┌─ Data

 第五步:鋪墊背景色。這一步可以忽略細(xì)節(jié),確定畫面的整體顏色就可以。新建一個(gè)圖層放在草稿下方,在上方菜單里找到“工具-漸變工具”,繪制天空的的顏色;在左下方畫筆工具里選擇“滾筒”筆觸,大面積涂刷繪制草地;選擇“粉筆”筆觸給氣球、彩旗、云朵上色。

└─
┌─ Data

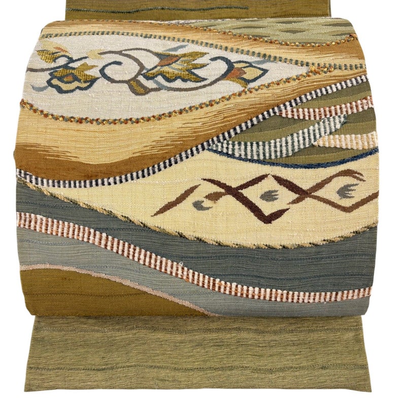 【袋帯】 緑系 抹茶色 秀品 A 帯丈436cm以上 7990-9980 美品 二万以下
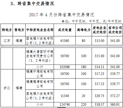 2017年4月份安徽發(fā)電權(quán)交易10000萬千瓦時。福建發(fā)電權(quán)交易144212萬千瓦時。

└─

The expected output is the lines above from the one containing "7990-9980 美品 二万以下" to the one containing "2017年4月份安徽發(fā", both ends included, reproduced exactly with every picture left out.

Task solution:
 【袋帯】 緑系 抹茶色 秀品 A 帯丈436cm以上 7990-9980 美品 二万以下
 2017年4月份安徽發(fā)電權(quán)交易10000萬千瓦時。福建發(fā)電權(quán)交易144212萬千瓦時。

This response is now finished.